Si Montréal s’est retrouvé sans contrat privé pour le colmatage des nids-de-poule cet hiver, c’est parce que le Bureau de l’inspecteur général (BIG) a levé le drapeau concernant d’importantes irrégularités dans la gestion de ce type de contrat. Entre autres, un fournisseur aurait été favorisé dans la rédaction de l’appel d’offres.
Claude Pinard, numéro deux de l’administration de Soraya Martinez Ferrada, s’est fait avare de commentaires en février concernant les raisons de l’annulation du contrat. Il affirmait que les soumissions reçues ne respectaient pas les exigences.
Or, c’est plutôt à la lumière d’une enquête du BIG que l’administration a décidé d’annuler le contrat. Selon le rapport annuel de l’organisme, le devis était rédigé d’une façon à ce qu’une seule entreprise ne puisse s’y conformer.
«Son devis, inspiré des exigences techniques du devis d’un autre donneur d’ouvrage, ne présentait pas tant ses besoins que le moyen à utiliser pour y répondre. Ce faisant, une seule compagnie disposait des machines nécessaires pour réaliser le travail tel qu’exigé et était en mesure de déposer une soumission conforme.»
Extrait du rapport annuel du Bureau de l’inspecteur général
Par courriel, le BIG confirme que le fournisseur en question est Environnement NRJ. Cette entreprise avait précédemment obtenu un contrat de trois ans pour appuyer les opérations de colmatage de nids-de-poule de la Ville. Ce contrat est venu à échéance le 31 décembre.
C’est l’ancienne administration qui a lancé l’appel d’offres. L’administration de Soraya Martinez Ferrada a annulé l’appel d’offres le 16 décembre.
Montréal s’est donc trouvé sans équipe d’appoint pour assister les arrondissements dans le colmatage des nids-de-poule, alors que le sud du Québec vit un des pires hivers en ce qui concerne l’état de la chaussée. L’administration Martinez Ferrada a finalement octroyé 10 contrats individuels pour du colmatage manuel.
Concurrence moindre dans l’industrie
En dehors de ce contrrat spécifique, le BIG note une diminution importante de la concurrence dans les contrats touchant les nids-de-poule sous l’administration de Valérie Plante. Entre 2017 et 2025, le nombre de soumissionnaires récurrents a chuté. Aujourd’hui, seulement cinq entreprises se partagent l’entièreté des contrats de colmatage de nids-de-poule.

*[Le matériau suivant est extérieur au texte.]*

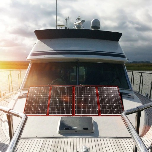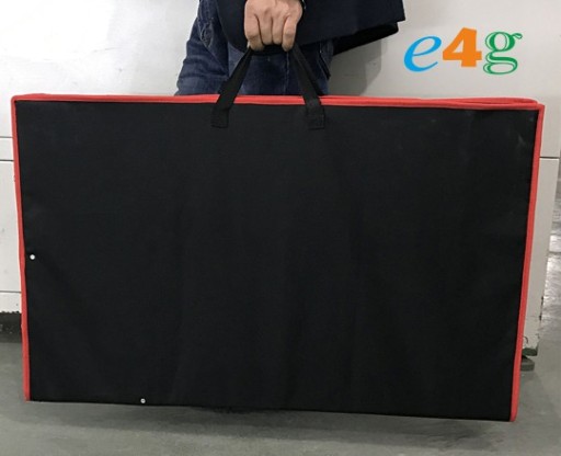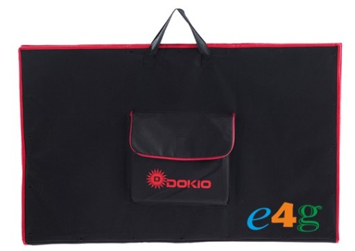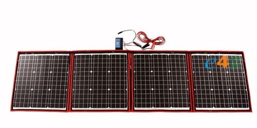 Przenośna, składana na 4 części i lekka ładowarka solarna sprawia, że bardzo łatwo zapakować ją do samochodu. Widoczne pętle/uchwyty montażowe rozmieszczone na krawędziach panelu zastosowano w celu przymocowania do stałych elementów konstrukcyjnych jak przyczepa kempingowa, namiot itp.
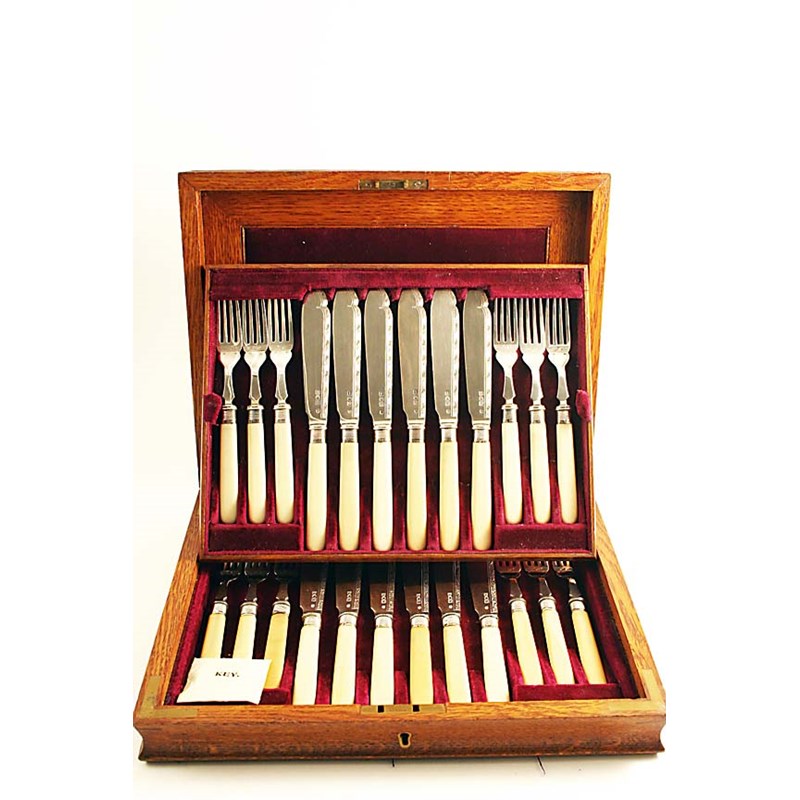 AN EDWARDIAN CASED SET OF TWELVE PAIRS OF IVORY HANDLED FISH KNIVES & FORKS with border engraving on the blades & tines, by William Hutton & Sons Ltd., London 1906; the case 12.6" (32 cms) long
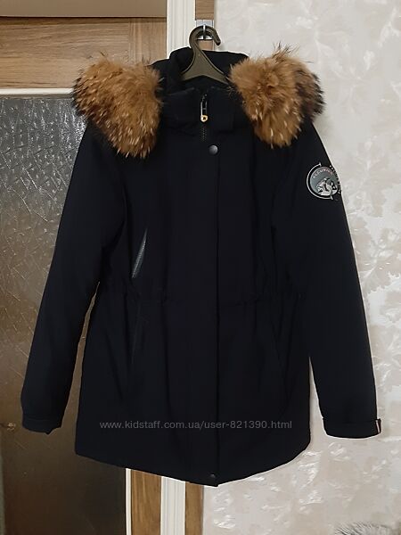 Эффектным аккордом становится пышная отделка из меха енота. Мех съемный.
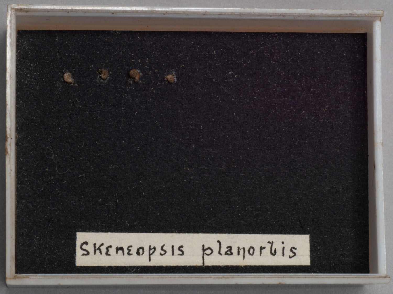 Class: Gastropoda. 4 specimens. Minute, grey, coiled shell with a slightly depressed centre spire. Can be found on fine algae and around corallines but it's rarely found in winter.
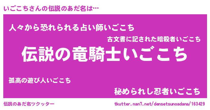 | ヒーロー風カッコイイあだ名 | 『スーパーイゴコチ』『愛の使者いごこち』 |
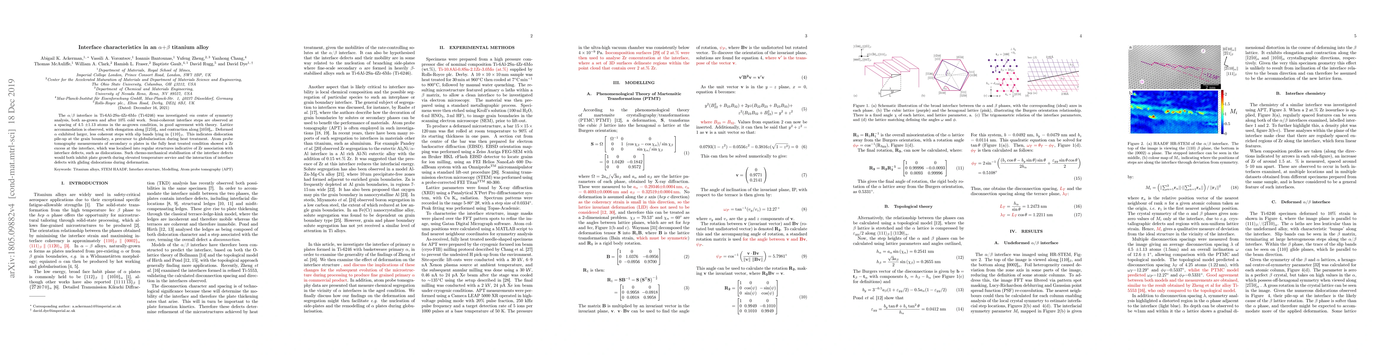 The alpha/beta interface in Ti-6Al-2Sn-4Zr-6Mo (Ti-6246) is investigated via centre of symmetry analysis, both as-grown and after 10% cold work. Semi-coherent interface steps are observed at a spacing of 4.5 +/-1.13 atoms in the as-grown condition, in good agreement with theory prediction (4.37 atoms). Lattice accommodation is observed, with elongation along [-1 2 -1 0]alpha and contraction along [1 0 -1 0]alpha . Deformed alpha exhibited larger, less coherent steps with slip bands lying in {110}beta. This indicates dislocation pile-up at the grain boundary, a precursor to globularisation, offering insight into the effect of deformation processing on the interface, which is important for titanium alloy processing route design.
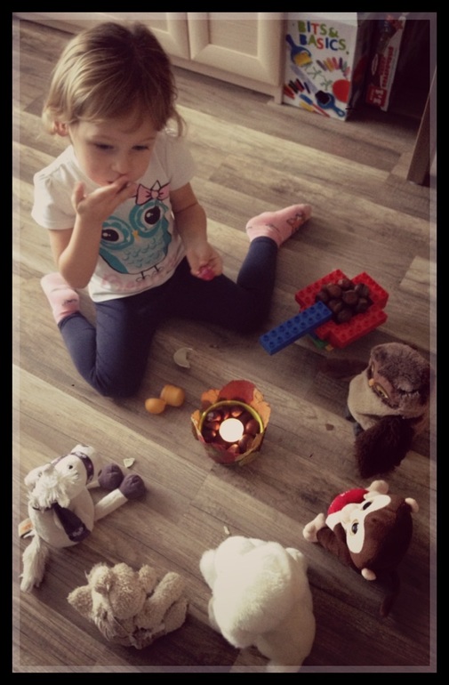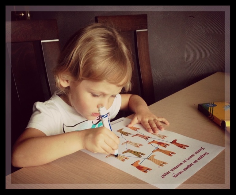 Это, наверно, одно из затянувших Леру занятий, потому что были краски и кисточки) Тут она может творить долго... Так и произошло!
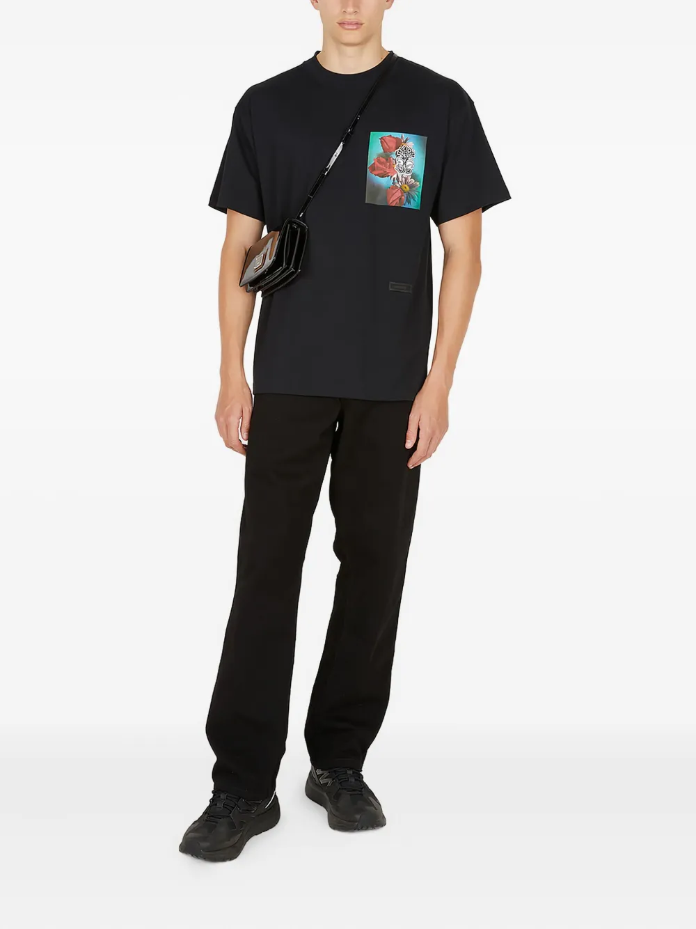 Черный цветочный принт, короткие рукава, графические детали, оригинальные надписи с эффектом памяти
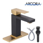 ARCORA Modern Black and Gold Bathroom Sink Faucet with Drain for 1 Or 3 Hole
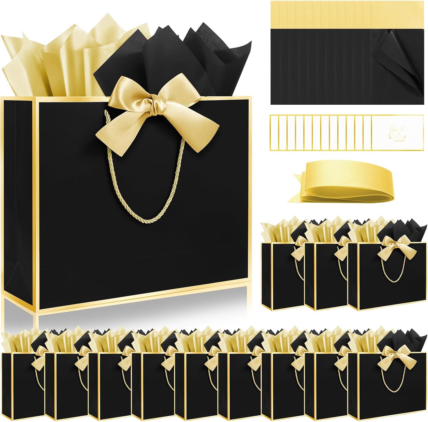 Ethhqu 12 Pack Black and Gold Gift Bags with Handles Include Tissue Papers & Cards, Medium Size 12.6×10×4'' Thank You Gift Bags for Birthday, Weddings, Groomsmen, Valentines, Business Gatherings
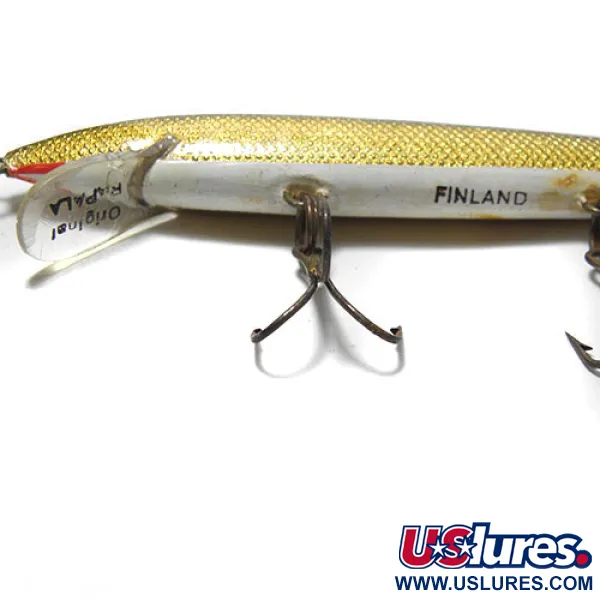 Šis 3/16 oz (5 g) sveriantis vintažinis balzos medžio vobleris ant balto pilvelio išdidžiai demonstruoja „Finland“ spaudą, liudijantį jo kilmę. 10 cm (4 colių) kūnelis yra „Golden / Natural“ spalvinimo, su blizgančia auksine žvynelių folija šonuose, pereinančia į vientisą juodą nugarėlę. Šis konkretus pavyzdys, pažymėtas prekės kodu 0221, yra 4/5 būklės, o furnitūra ir apdaila atrodo puikiai. Trys trišakiai kabliukai išdėstyti išilgai apatinės dalies, atspindint klasikinę tokio ilgio konfigūraciją. Skaidrus plastikinis liežuvėlis skirtas panardinti masalą į 0,9–1,5 m (3–5 pėdų) gylį tolygiai traukiant. Raudonas akcentas prie gerklės sukuria subtilų provokacijos tašką tiesiai už kilpelės, kuri yra Rapala ilgaamžiškumą garantuojančios vientisos vielos konstrukcijos dalis.
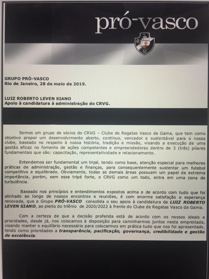 O Grupo Pró-Vasco decidiu no dia de ontem (28/mai/2019) que caminhará junto ao Sr. Leven Siano no intuito da construção de uma candidatura sólida para o triênio 2020/2022.
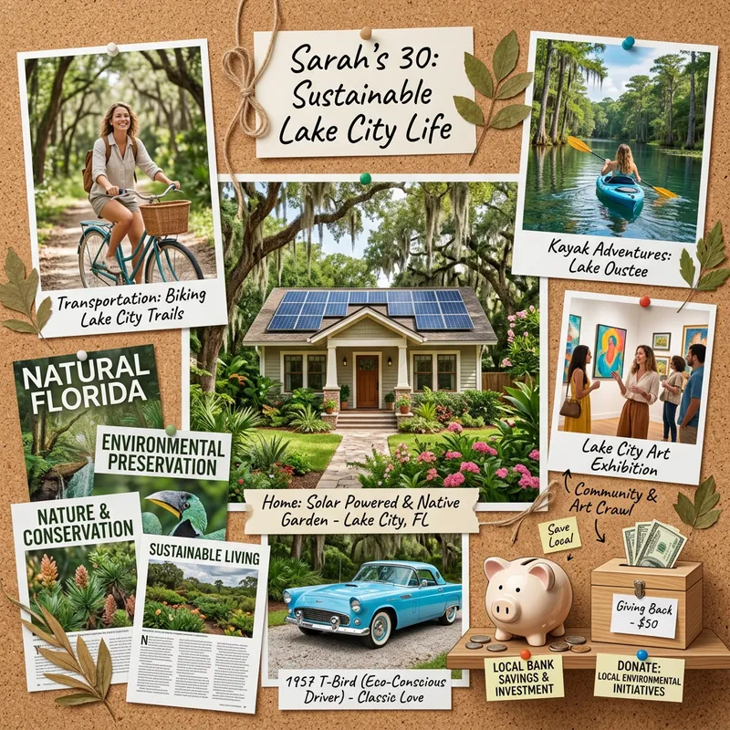 In a vision board format, illustrate a sustainable lifestyle in Lake City, Florida for an eco-conscious individual at 30. Picture a house equipped with solar panels, surrounded by lush greenery. Include a scene of biking or walking for transportation, reflecting the individual's commitment to environmentally friendly practices. Add magazines related to nature and environmental preservation, and a vintage 1957 Ford Thunderbird parked nearby as a nod to a classic car enthusiasm. Illustrate fun moments involving local art exhibitions and outdoor activities, a piggy bank to depict savings and investment in local banks, and a donation box indicating contributions to local environmental initiatives.
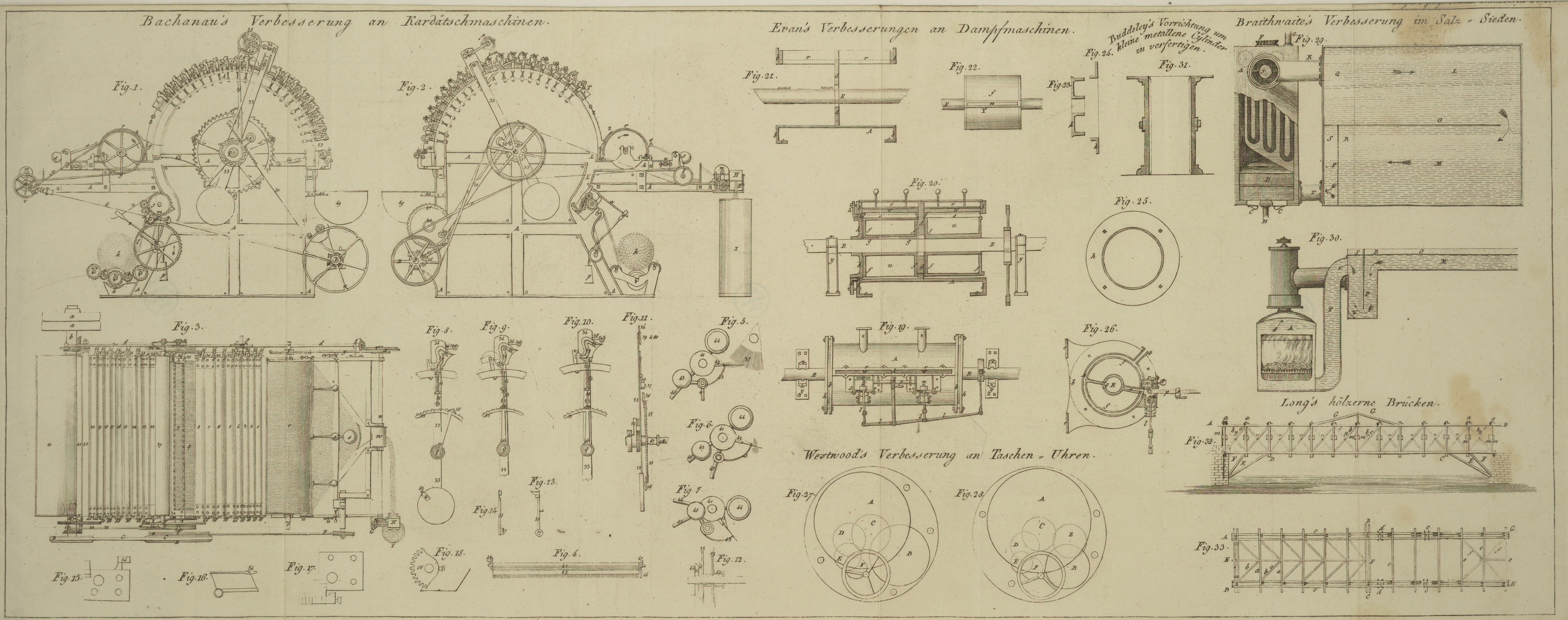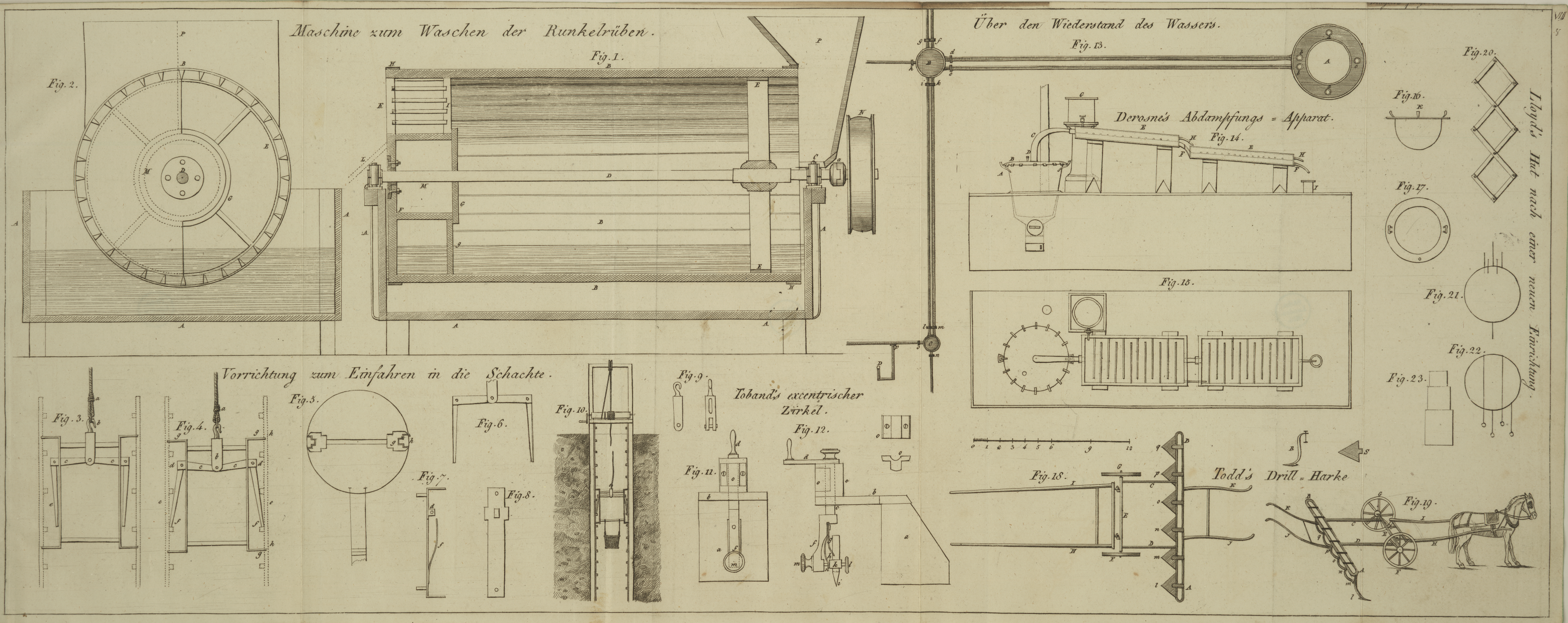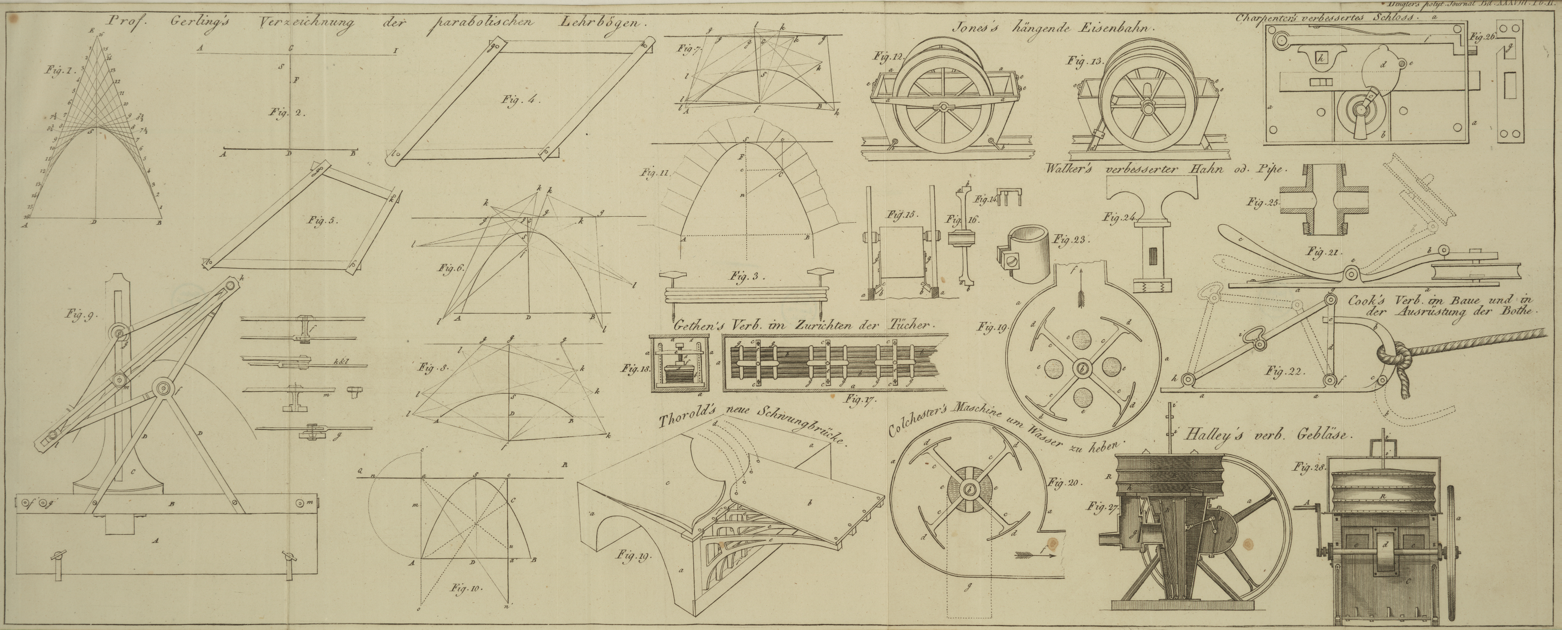 und Bohrmaschinen, Bortenweberei etc.), so wie auf 19 Kupfertafeln die Abbildungen zahlreicher

Le BIG indique que cette situation comprend «des risques élevés de concurrence affaiblie, de hausse des coûts et d’accessibilité réduite pour les nouveaux entrants».
En point de presse lundi, la mairesse Soraya Martinez Ferrada souligne que son plan d’urgence du mois de février a permis de réduire les coûts.
«On a invité 60 entreprises plus petites. Et finalement, ça a coûté moins cher. On veut s’assurer d’avoir plus de gens qui peuvent soumissionner sur des contrats et avoir une meilleure compétitivité pour que les prix descendent», indique-t-elle.